─── RECORDS TO USE ───

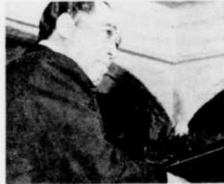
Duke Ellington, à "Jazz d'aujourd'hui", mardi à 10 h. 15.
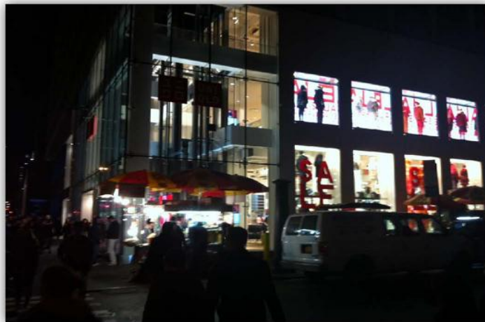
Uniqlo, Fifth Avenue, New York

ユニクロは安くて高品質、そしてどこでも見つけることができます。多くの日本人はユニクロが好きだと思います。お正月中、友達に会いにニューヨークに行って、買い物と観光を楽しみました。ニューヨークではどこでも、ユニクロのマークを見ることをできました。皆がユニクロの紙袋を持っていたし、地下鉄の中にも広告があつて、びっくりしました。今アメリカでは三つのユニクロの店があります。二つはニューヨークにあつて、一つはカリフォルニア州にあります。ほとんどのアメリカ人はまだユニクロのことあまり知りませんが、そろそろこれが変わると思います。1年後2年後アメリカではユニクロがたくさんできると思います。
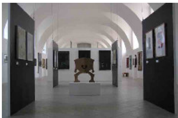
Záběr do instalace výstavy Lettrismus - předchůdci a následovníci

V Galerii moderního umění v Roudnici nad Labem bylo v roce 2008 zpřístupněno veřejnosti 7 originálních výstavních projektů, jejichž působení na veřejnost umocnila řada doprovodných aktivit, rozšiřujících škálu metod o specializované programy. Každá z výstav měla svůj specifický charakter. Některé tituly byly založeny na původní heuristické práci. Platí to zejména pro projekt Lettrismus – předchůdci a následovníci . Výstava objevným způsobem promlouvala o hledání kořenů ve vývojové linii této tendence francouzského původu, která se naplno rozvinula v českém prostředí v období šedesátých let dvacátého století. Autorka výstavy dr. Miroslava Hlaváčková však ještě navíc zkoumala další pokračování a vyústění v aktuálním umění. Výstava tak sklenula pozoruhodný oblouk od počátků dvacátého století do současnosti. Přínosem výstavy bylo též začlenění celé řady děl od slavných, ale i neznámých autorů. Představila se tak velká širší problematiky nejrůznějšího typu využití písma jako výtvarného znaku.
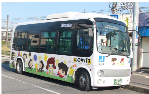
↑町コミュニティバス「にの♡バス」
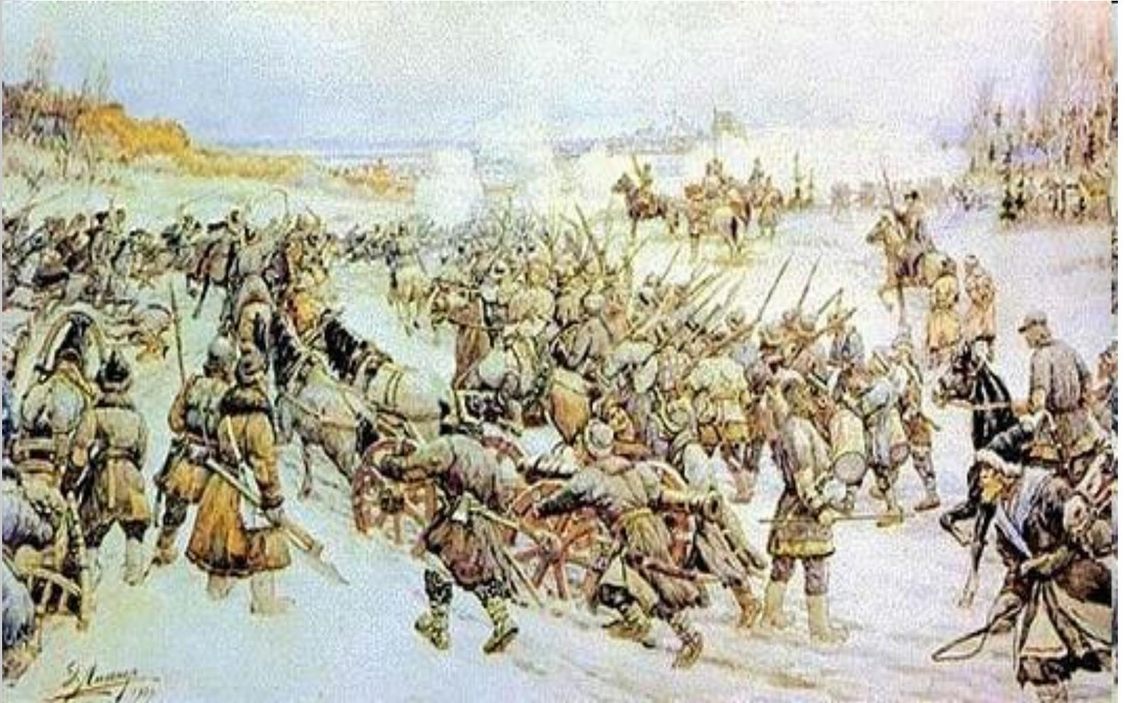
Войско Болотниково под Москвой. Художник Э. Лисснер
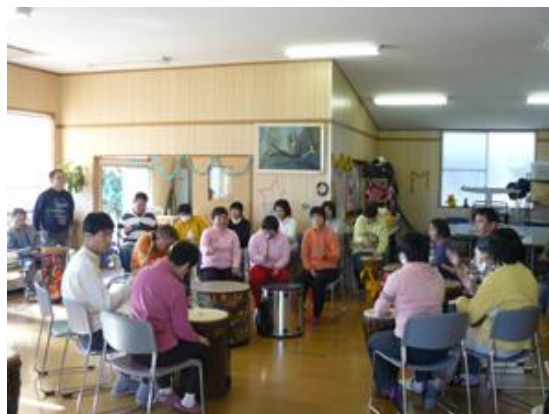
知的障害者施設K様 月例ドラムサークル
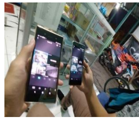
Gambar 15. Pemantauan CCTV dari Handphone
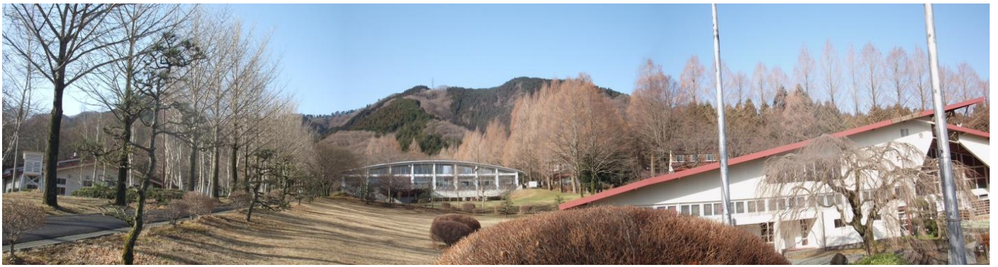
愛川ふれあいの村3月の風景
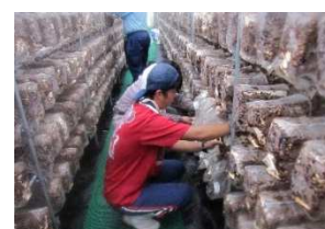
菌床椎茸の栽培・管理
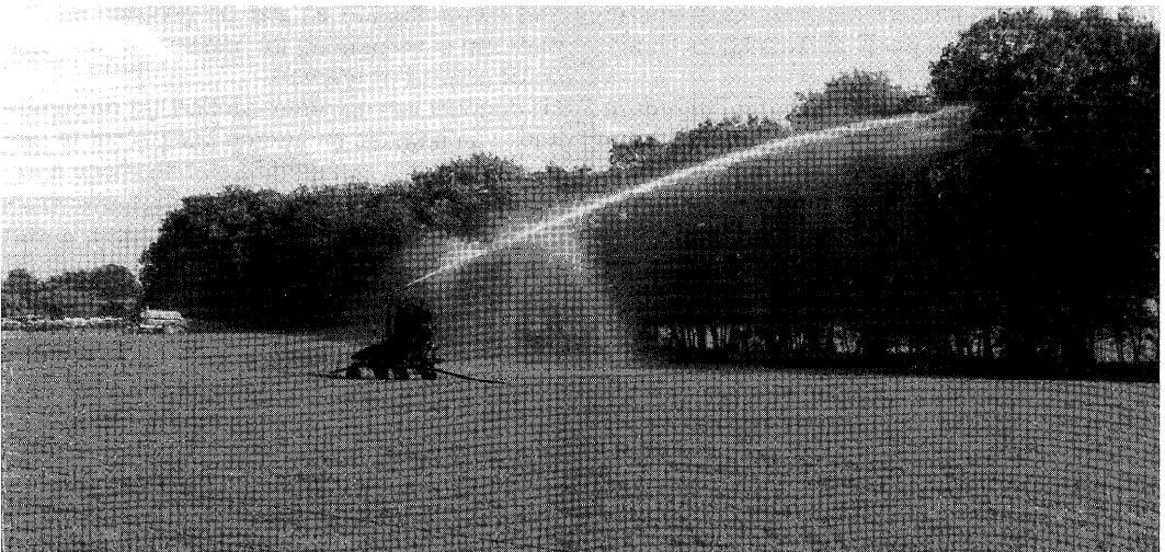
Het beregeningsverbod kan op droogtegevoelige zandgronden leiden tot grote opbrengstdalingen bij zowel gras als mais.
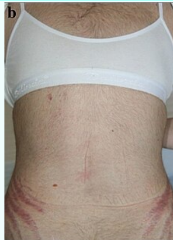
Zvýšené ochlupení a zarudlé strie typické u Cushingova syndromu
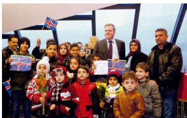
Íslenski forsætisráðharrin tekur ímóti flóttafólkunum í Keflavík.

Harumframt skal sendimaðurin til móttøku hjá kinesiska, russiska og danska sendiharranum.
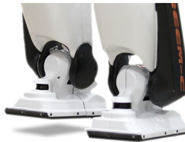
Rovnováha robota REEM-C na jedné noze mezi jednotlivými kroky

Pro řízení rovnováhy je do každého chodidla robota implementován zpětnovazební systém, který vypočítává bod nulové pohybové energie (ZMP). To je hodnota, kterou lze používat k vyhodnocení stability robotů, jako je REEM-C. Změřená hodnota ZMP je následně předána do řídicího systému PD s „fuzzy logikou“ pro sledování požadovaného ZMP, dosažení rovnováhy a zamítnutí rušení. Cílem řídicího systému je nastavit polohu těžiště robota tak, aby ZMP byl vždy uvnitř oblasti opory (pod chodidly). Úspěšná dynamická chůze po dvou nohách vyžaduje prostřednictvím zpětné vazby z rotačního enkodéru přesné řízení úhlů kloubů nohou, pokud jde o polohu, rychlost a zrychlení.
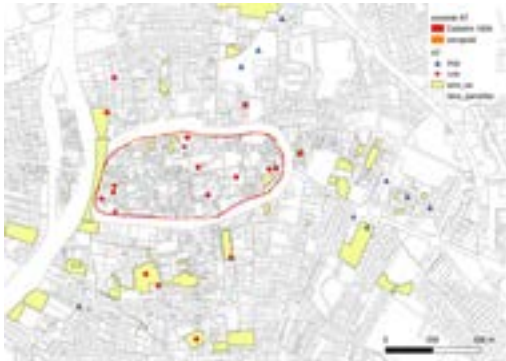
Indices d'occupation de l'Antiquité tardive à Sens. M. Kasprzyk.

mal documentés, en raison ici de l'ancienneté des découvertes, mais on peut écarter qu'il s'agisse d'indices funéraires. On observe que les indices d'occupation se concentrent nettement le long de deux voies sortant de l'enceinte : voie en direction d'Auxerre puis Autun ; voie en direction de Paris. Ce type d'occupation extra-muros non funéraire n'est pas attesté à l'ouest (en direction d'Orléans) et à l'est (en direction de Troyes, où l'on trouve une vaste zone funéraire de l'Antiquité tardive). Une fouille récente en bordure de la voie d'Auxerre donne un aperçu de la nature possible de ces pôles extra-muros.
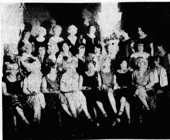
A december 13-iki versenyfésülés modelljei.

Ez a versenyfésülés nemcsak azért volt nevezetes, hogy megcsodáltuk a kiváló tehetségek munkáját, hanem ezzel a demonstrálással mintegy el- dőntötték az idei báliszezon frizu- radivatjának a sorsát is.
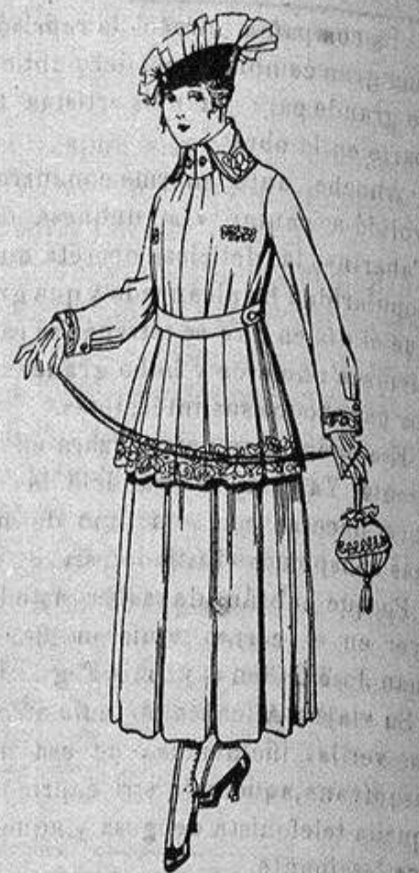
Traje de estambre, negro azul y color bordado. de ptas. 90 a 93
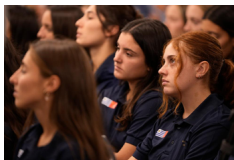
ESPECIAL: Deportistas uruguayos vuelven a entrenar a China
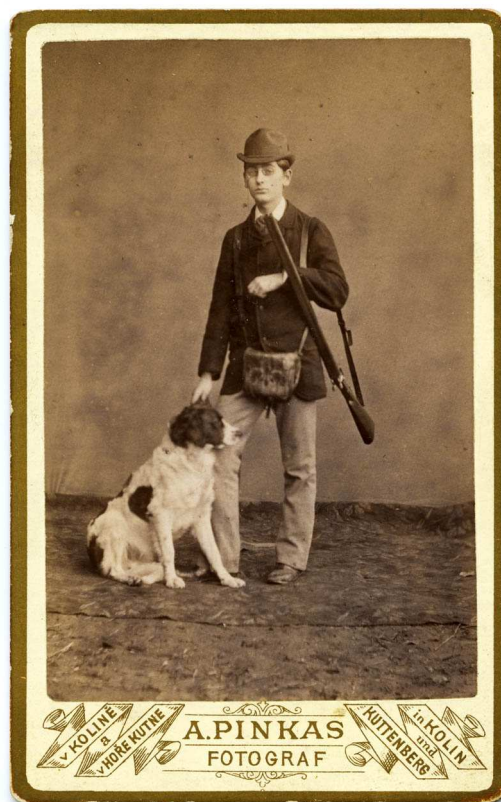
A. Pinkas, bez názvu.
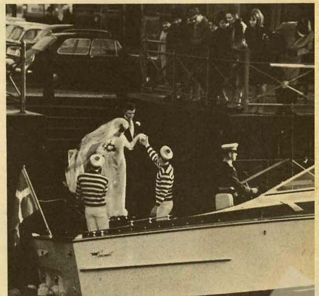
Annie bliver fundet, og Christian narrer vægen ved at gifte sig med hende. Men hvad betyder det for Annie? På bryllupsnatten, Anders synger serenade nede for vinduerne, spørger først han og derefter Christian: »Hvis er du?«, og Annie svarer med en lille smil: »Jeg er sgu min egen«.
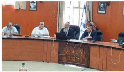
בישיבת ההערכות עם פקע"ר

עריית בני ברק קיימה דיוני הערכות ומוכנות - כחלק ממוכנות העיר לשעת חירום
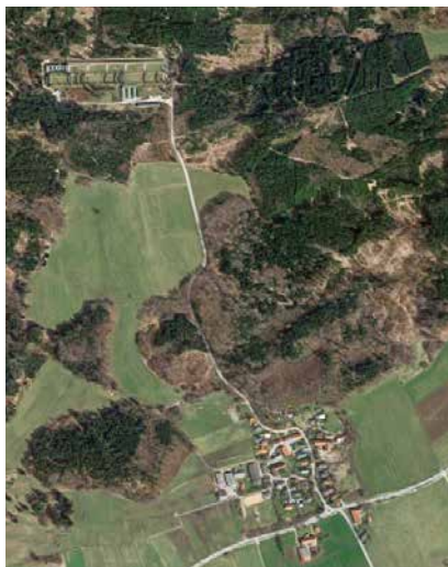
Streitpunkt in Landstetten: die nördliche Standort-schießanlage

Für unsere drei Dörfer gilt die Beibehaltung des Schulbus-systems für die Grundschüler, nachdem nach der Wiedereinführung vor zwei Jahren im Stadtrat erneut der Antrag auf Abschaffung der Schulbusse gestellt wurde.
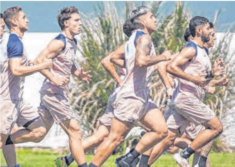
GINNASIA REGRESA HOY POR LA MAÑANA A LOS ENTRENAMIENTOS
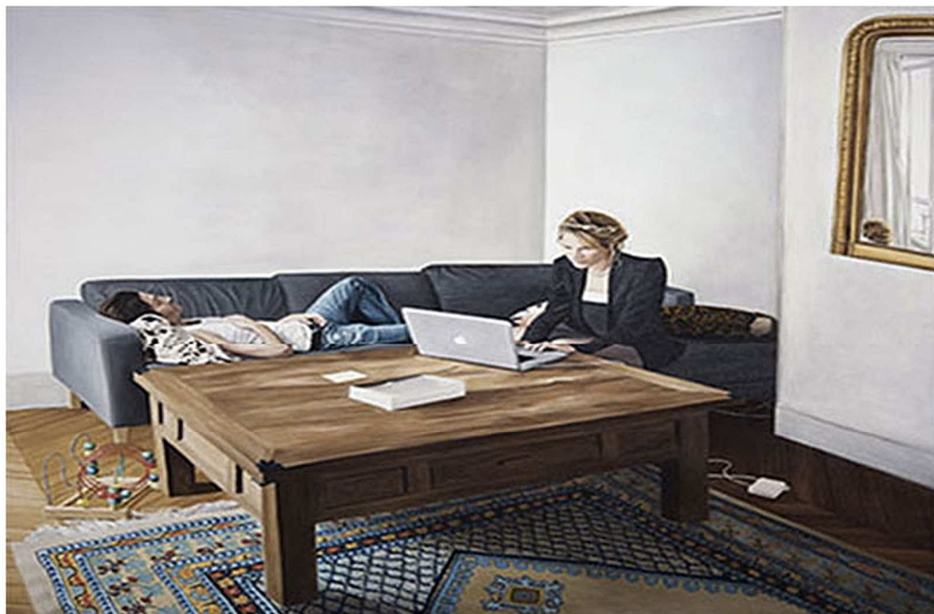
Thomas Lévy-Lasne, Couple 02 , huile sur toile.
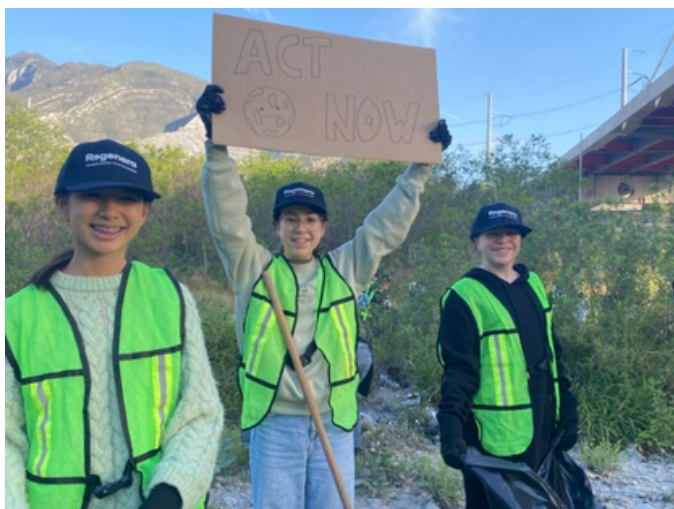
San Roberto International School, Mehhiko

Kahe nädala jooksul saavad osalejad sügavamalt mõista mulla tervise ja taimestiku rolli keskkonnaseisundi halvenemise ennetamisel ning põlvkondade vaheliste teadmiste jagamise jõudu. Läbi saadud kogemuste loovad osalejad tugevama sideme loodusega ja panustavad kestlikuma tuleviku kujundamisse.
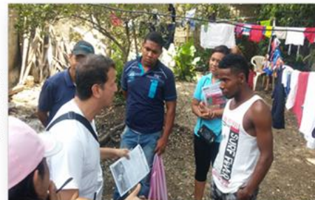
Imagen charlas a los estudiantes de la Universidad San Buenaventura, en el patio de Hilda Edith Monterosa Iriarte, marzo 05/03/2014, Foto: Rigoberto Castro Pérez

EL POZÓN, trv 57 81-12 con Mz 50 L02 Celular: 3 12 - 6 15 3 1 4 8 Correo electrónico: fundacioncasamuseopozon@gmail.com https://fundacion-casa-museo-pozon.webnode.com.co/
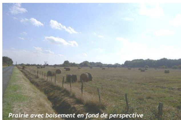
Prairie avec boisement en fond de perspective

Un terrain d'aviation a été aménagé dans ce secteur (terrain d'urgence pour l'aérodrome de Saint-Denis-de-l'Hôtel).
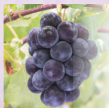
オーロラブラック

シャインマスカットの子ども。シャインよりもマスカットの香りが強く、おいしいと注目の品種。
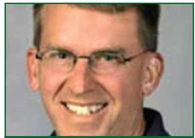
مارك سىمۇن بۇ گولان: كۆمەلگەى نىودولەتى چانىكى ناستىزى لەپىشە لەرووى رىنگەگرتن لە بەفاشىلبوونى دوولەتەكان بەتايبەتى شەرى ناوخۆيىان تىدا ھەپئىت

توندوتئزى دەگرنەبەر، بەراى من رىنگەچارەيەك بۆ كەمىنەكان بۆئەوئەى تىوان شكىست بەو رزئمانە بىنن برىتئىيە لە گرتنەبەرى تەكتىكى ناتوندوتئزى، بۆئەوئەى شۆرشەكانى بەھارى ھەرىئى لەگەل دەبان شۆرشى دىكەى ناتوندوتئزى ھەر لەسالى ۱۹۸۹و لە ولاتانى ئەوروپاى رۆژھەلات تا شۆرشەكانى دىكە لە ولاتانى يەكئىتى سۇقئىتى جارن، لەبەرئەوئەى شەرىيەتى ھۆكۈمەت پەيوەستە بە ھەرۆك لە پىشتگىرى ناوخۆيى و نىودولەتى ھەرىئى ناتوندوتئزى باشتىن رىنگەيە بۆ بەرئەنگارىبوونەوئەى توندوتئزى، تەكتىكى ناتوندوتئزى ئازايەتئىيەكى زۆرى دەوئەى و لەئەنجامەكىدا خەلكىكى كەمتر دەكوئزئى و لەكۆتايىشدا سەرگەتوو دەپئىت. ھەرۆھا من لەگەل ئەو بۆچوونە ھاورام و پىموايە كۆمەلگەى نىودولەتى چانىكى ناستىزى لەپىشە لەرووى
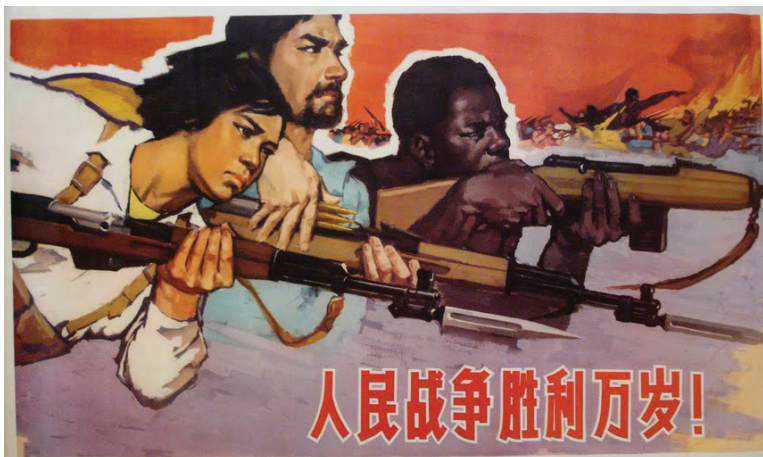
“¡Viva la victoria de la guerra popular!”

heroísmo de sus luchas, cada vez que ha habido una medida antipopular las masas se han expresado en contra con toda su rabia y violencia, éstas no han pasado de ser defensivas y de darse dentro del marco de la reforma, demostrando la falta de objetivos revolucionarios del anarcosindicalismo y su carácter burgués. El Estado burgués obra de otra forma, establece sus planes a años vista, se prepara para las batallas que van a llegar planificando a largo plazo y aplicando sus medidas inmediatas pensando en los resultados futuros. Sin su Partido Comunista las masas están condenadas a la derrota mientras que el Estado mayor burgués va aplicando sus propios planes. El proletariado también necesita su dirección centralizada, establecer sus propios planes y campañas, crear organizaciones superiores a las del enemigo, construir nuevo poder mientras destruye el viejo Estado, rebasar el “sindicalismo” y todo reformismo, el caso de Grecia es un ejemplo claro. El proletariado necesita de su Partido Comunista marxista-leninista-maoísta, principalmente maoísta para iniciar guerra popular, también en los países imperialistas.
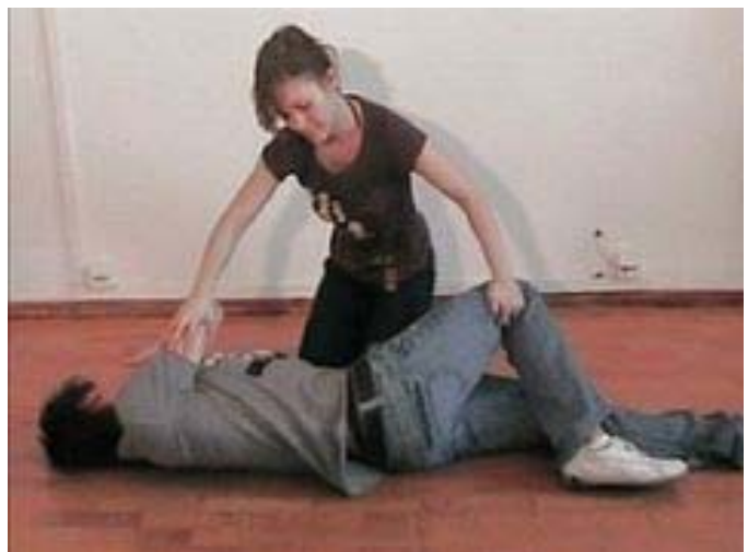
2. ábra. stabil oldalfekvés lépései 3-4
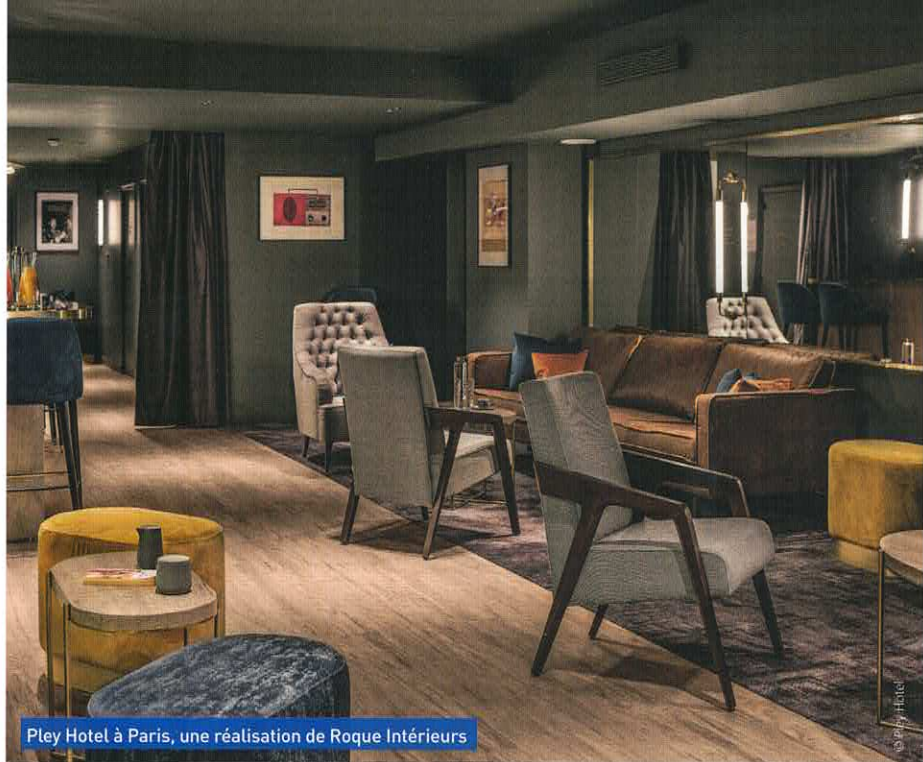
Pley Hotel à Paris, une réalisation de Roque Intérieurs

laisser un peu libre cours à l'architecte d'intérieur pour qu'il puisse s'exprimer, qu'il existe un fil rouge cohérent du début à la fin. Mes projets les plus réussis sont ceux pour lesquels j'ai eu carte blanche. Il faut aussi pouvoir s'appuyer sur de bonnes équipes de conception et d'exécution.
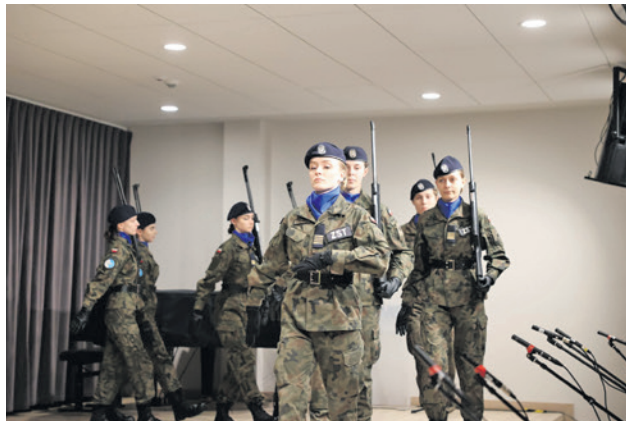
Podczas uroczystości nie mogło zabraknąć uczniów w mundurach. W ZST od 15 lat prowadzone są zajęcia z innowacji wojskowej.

───

TASK PROMPT: Copy the records above from the first line through the line containing "Záběr do instalace", both included, and leave out any pictures.

WORKED SOLUTION:
Duke Ellington, à "Jazz d'aujourd'hui", mardi à 10 h. 15.
Uniqlo, Fifth Avenue, New York

ユニクロは安くて高品質、そしてどこでも見つけることができます。多くの日本人はユニクロが好きだと思います。お正月中、友達に会いにニューヨークに行って、買い物と観光を楽しみました。ニューヨークではどこでも、ユニクロのマークを見ることをできました。皆がユニクロの紙袋を持っていたし、地下鉄の中にも広告があつて、びっくりしました。今アメリカでは三つのユニクロの店があります。二つはニューヨークにあつて、一つはカリフォルニア州にあります。ほとんどのアメリカ人はまだユニクロのことあまり知りませんが、そろそろこれが変わると思います。1年後2年後アメリカではユニクロがたくさんできると思います。
Záběr do instalace výstavy Lettrismus - předchůdci a následovníci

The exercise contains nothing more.